La lluvia convirtió el distrito en el inmundo foso de lodo y excrementos que era. A su alrededor algunos corrían tratando de resguardarse de la fría agua. Él desdeñó toda posibilidad de correr, refugiándose malhumorado debajo del alero de un tejado. Analizó sus opciones. Recordaba que había una mala bruja regente un burdel no muy lejos de allí, pero rápido desdeñó la opción. Lo último que deseaba en una noche tan terrible como aquella era añadir una mujer con ínfulas a la ecuación. No, su destino sería otro. Algo más lejano. Un criminal, un mafioso, recordaba que había uno relativamente prominente en las cercanías. Mucho más arriesgado, pero lo prefería. Odiaba más a las putas que a los asesinos y, la verdad, hoy prefería tratar con escoria antes que con mujeres.

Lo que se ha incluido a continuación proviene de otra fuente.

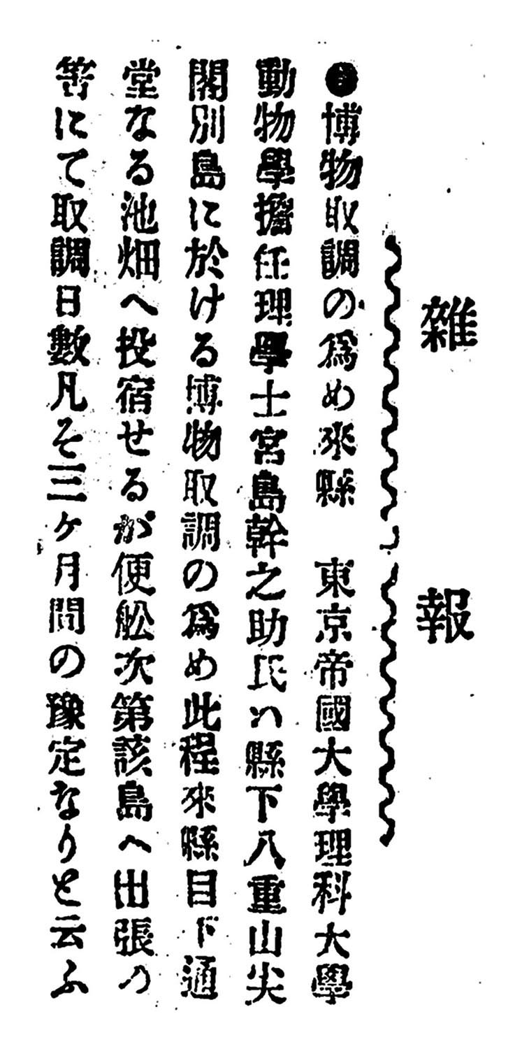 東京帝国大学理科大学動物学担任理学士宮島幹之助氏は、県下八重山尖閣列島に於ける博物取調の為め此程来県。目下通堂なる池畑へ投宿せるが、便船次第該島へ出張の筈にて取調日数凡そ三ヶ月間の予定なりと言う。
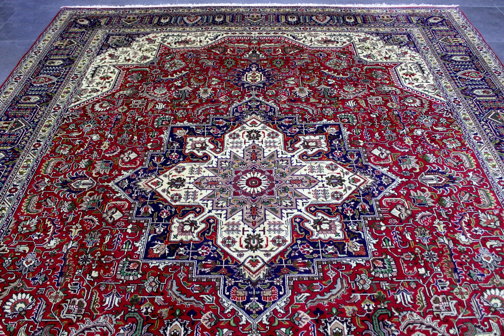 سجادة تبريز آذر شهر عمرها فوق 10 سنين صوف شغل يدوي ايراني العجمي
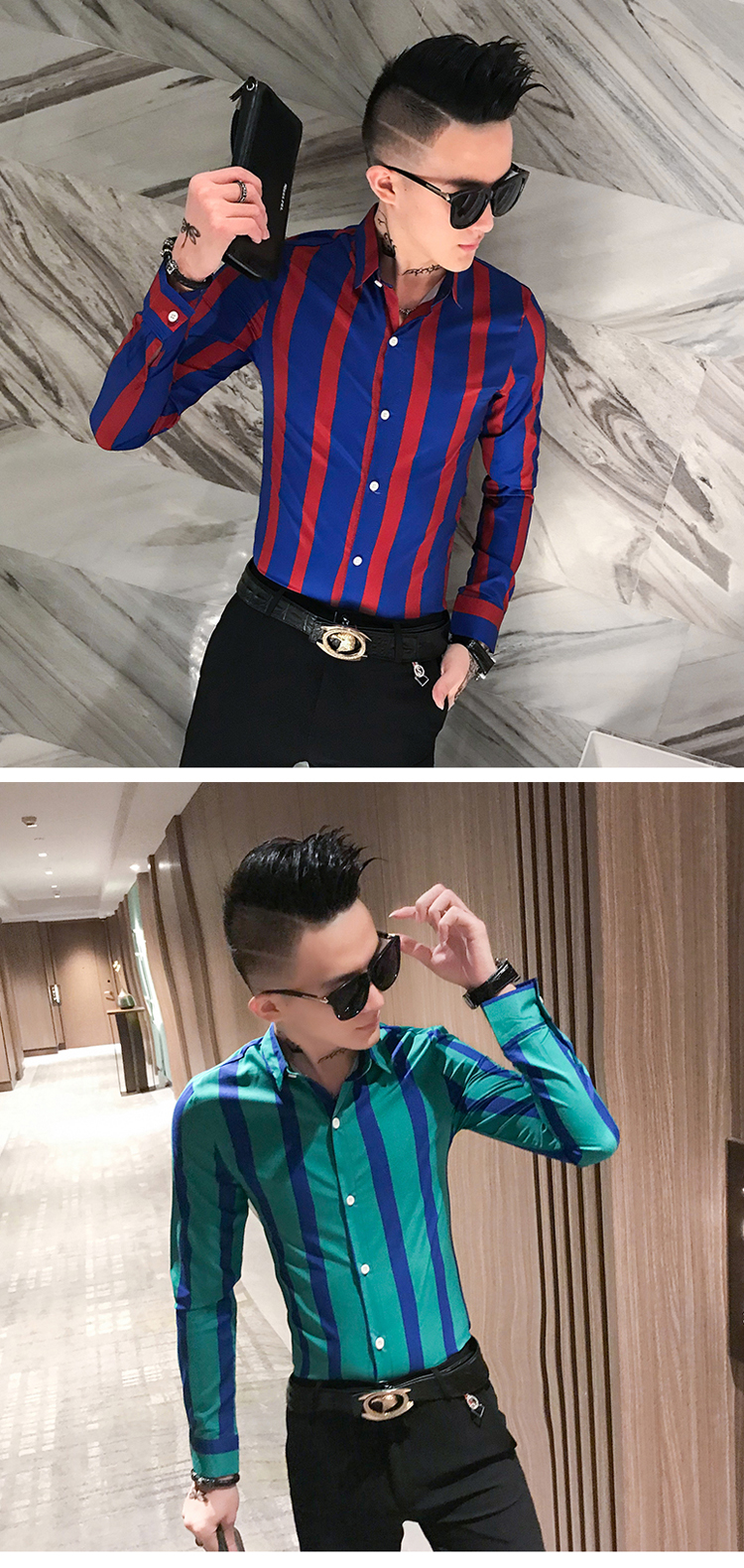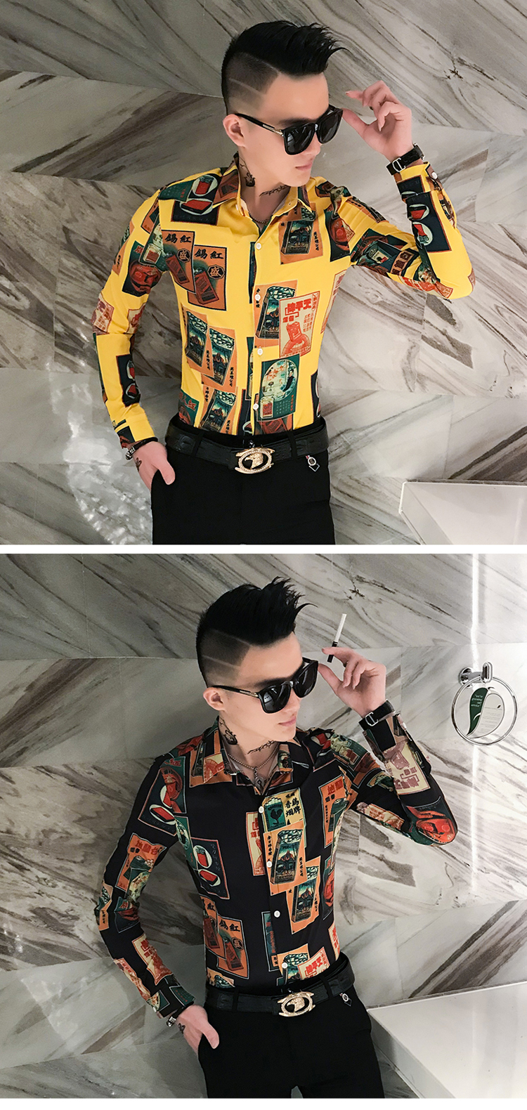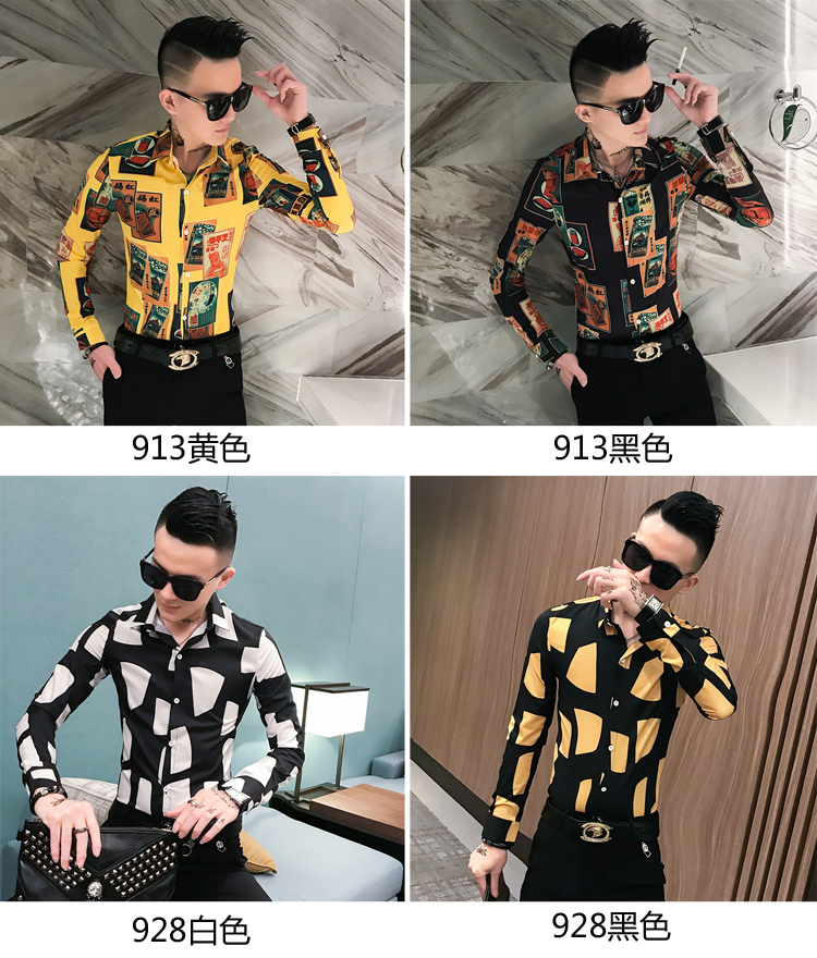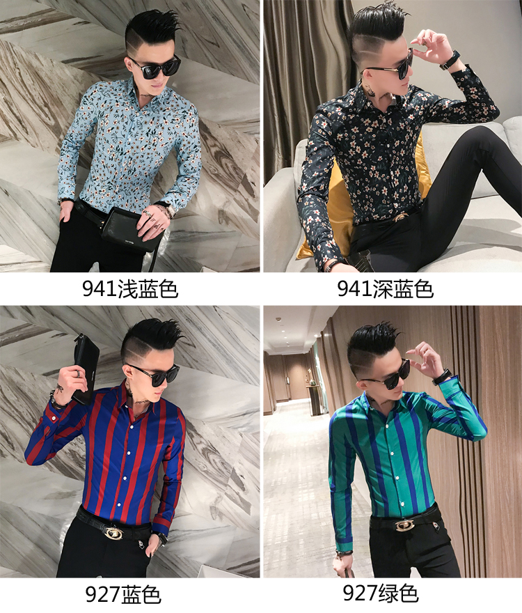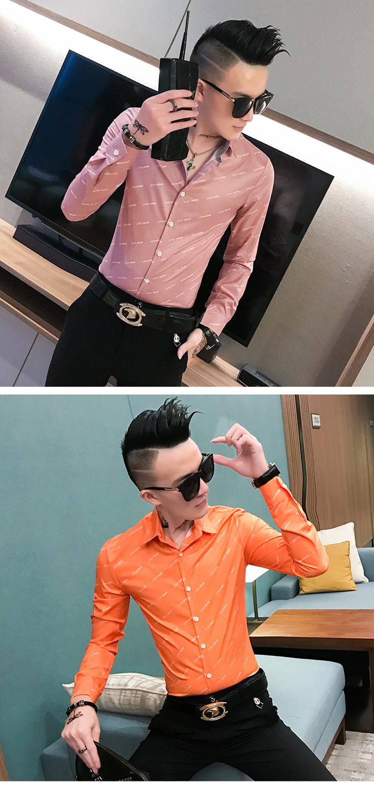 2019秋裝男士休閑碎花襯衣發型師韓版長袖襯衫網紅修身印花襯衫潮1入
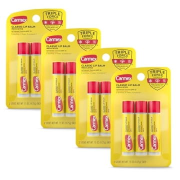 Show moreIndulge your lips with the ultimate in lip care! Carmex Classic Medicated Lip Balm Sticks are the go-to choice for anyone suffering from dry, chapped lips. This product features a generous total of 12 tubes grouped in four convenient packs of three, delivering hydration on-the-go. Whether you're navigating through frigid winter air or blazing summer sunshine, these medicated lip balms have your back. Formulated with an array of powerful ingredients such as cocoa butter, camphor, and menthol, they glide on effortlessly, providing an immediate soothing and cooling sensation that transforms your dry lips into a picture of health and comfort.
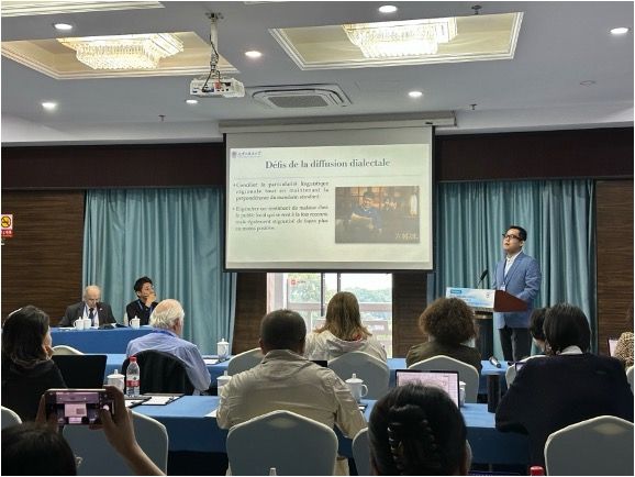 会上,王凝老师分享了题为《媒体方言语言策略研究——以电视剧 <六姊妹> 为例》的研究成果,并主持了 “语言政策研究” 分论坛,同与会专家一同围绕方言与外语传播路径、发展趋势等问题开展深入交流。
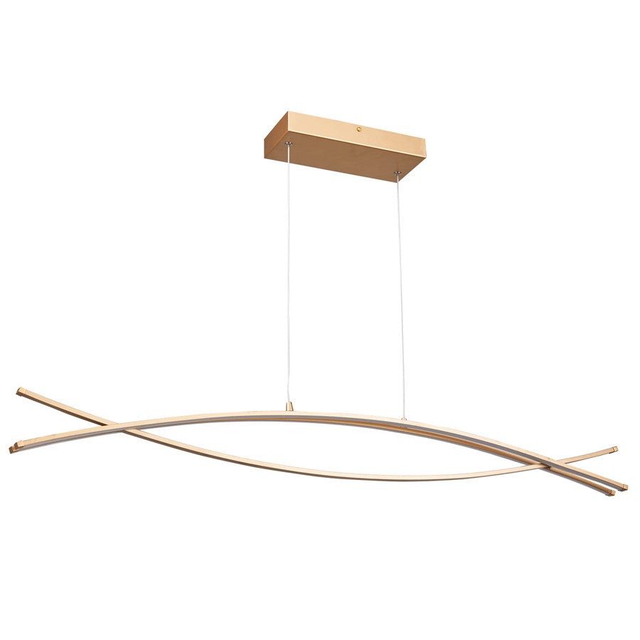 An ideal compliment to a contemporary dining or kitchen island, the sleek and delicate wishbone pendant with crossed bowed LED arms

Te lanzas sin interrupción a las fangosas calles y continúas el camino, pasas de la casa de prostitutas, y cruzas el puente para alcanzar la mal llamada mansión del criminal en aquel despreciable distrito. Desde el puente, puede verse justo junto a la orilla el edificio de dos plantas, de amplio portón y custodiado por dos hombres que guardan en su cinto una espada. Te gusta analizar desde lejos a las personas para preparar tus respuestas y meditar de antemano lo que podrías esperar. Son criminales de poca monta, pero ese tipo de gente son el tipo de personas que menos aprecia su vida, por lo que son capaces de ofrecerla ligeramente. Desde el lugar, puedes escuchar entre la lluvia como los gemidos de las putas te llegan como susurros, rompiendo entre el chapoteo de las gotas y haciéndose mas fuerte a medida que te acercas, a tus oídos, parece un coro desdeñable que incluso te dificulta mantener la compostura, te traen lejanos recuerdos que no despiertan en ti mas que repugnancia. Cuando te das cuenta, yaces de pie frente a los hombres que te observan sin mucho interés, aunque uno rompe el silencio después de mirarte de pies a cabeza y dice:
- Lárgate de aquí pordiosero, estas estorbando la puerta.
Luego levanta la cabeza para revisar sus uñas, y vuelve a mordisquearlas, mientras el otro parece volver a su letargo, casi durmiéndose de pie en su sitio.